Asserting that “the Justice Department did not live up to its solemn constitutional responsibilities,” Sen. Lisa Murkowski (R-Alaska) says she wants an independent investigation of the handling of child sex-abuse charges against the key prosecution witness in the trial of Sen. Ted Stevens, once one of the most powerful figures in Washington.
Murkowski can no longer defer to Attorney General Eric Holder and accept his explanations for why the key witness, wealthy Alaska oil man Bill Allen, was not prosecuted on the sex charges, she declared in a letter to the offices of the DOJ’s acting inspector general and counsel for professional responsibility.
“I would like to believe that Department of Justice personnel followed applicable laws and departmental policies in its handling of the sex abuse allegations against Mr. Allen, just as U.S. District Court Judge Emmet Sullivan expected the Justice Department would follow the law in its decisions whether to release potentially exculpatory evidence to Senator Stevens’ defense team,” Murkowski said. “However, we now know that the Justice Department did not live up to its solemn constitutional responsibilities in the Stevens prosecution.”
Murkowski has previously called for a probe into why the DOJ did not prosecute Allen for transporting a minor prostitute across state lines, and why it did not allow the Alaska Department of Law to do so, either, as noted in a report by KTVA television in Anchorage. Her latest call for an inquiry comes as sexual abuse of minors has become a particularly incendiary topic because of allegations involving coaches at Penn State and Syracuse universities.

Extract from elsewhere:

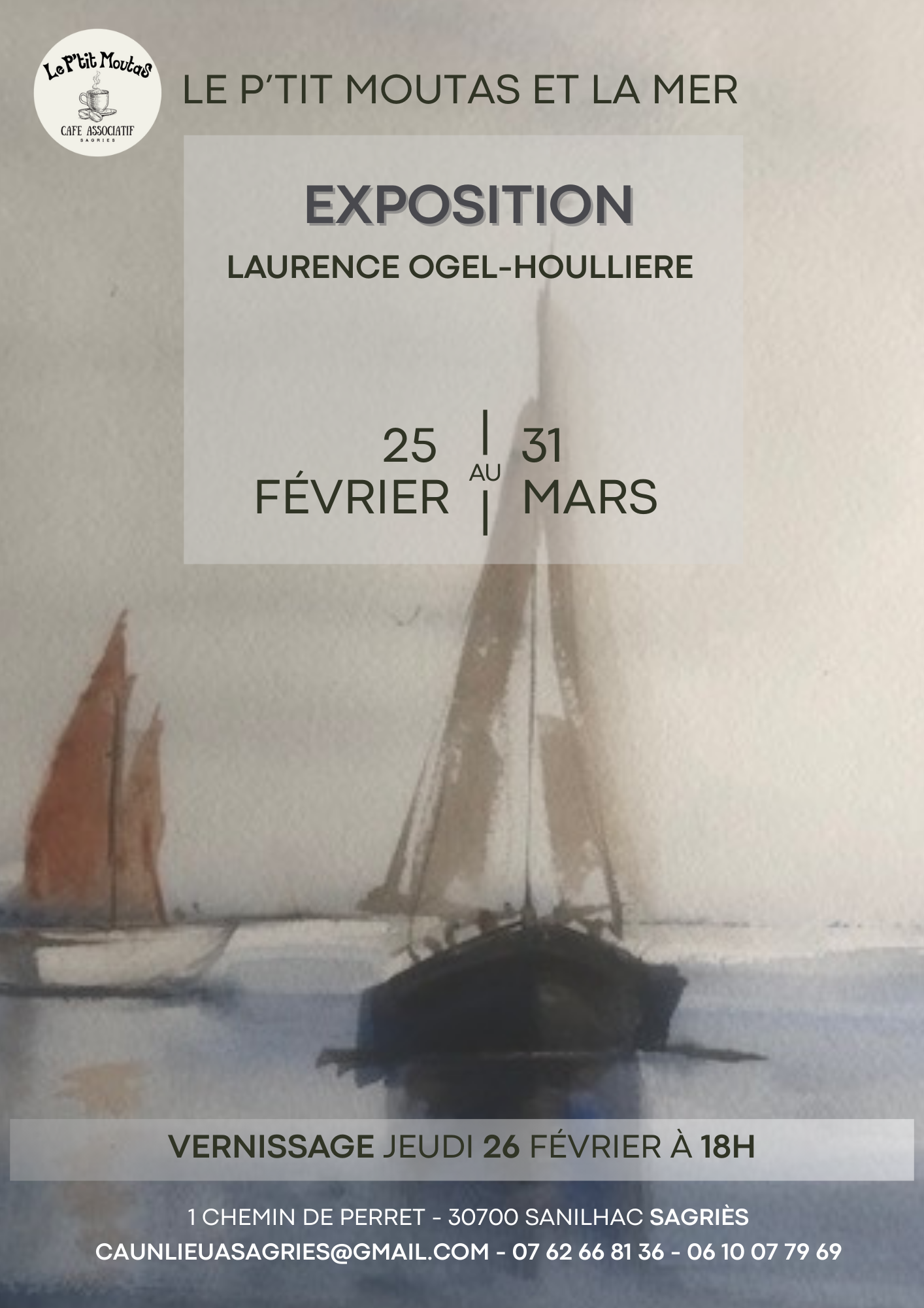 Laurence Ogel Houlliere emmène Le P’tit Moutas à la mer avec ses aquarelles marines. Exposition dans le bar associatif du village de Sagriès les lundis, jeudis et vendredi à partir de 17 h 00.

“Murkowski says she can’t just accept statements by Attorney General Eric Holder that there was no deal allowing Allen to avoid prosecution in exchange for testimony in the public corruption trials of Alaska politicians,” KTVA said.
“We take into consideration, a number of factors, among them being the age of the case, the reliability of the witnesses, the ability to say that we have a better than 50 percent chance of winning a case,” Holder said months ago, as KTVA recalled.
The DOJ’s prosecution of Stevens, the longest-serving Republican in Senate history, ended in a conviction in 2008 on charges that he failed to report gifts from Allen, then the chief of an oil services company. Since the conviction, however, the case has become a long-running nightmare for DOJ.
Early in 2009, Holder took the extraordinary step of having the charges dismissed as allegations emerged that prosecutors had failed to turn over evidence that might have helped the defense. Those allegations have grown in seriousness and intensity, outraging the trial judge, Emmet Sullivan, and leading outside investigators to conclude that prosecutors willfully and intentionally withheld evidence, as Main Justice reported recently.
Stevens lost his Senate seat in 2008 and was killed in a plane crash last year. But the drama in which he was the star character plays on in Alaska, where a number of state lawmakers have been implicated. One was Ben Stevens, former president of the Alaska state senate and a Republican like his father, Ted. He, too, came under scrutiny for benefiting from Allen’s generosity, although he was recently told that he will not be prosecuted (see our report).
Cliff Groh, a former prosecutor who has blogged about the public corruption probe, told KTVA he thinks the outrage over Bill Allen is in part an attempt to rewrite history. “And there does seem to be a sentiment to want to wipe Alaska clean by putting all the blame on Bill Allen — unique pervert, deviate, demon. I just don’t think that works.”
Lately, there have been signs that the Alaska episode, in which Allen’s apparent weakness for underage girls is just one unsavory element, is winding down, as Main Justice reported. The episode has already brought deep professional embarrassment and official rebuke to some prosecutors, including one who took his own life.
And the embarrassment may not be over. Judge Sullivan is sitting on a 500-page report conducted by a special counsel he appointed, only a portion of which has been released, about the botched prosecution. He has said he hopes to release as much of the report as possible early in 2012.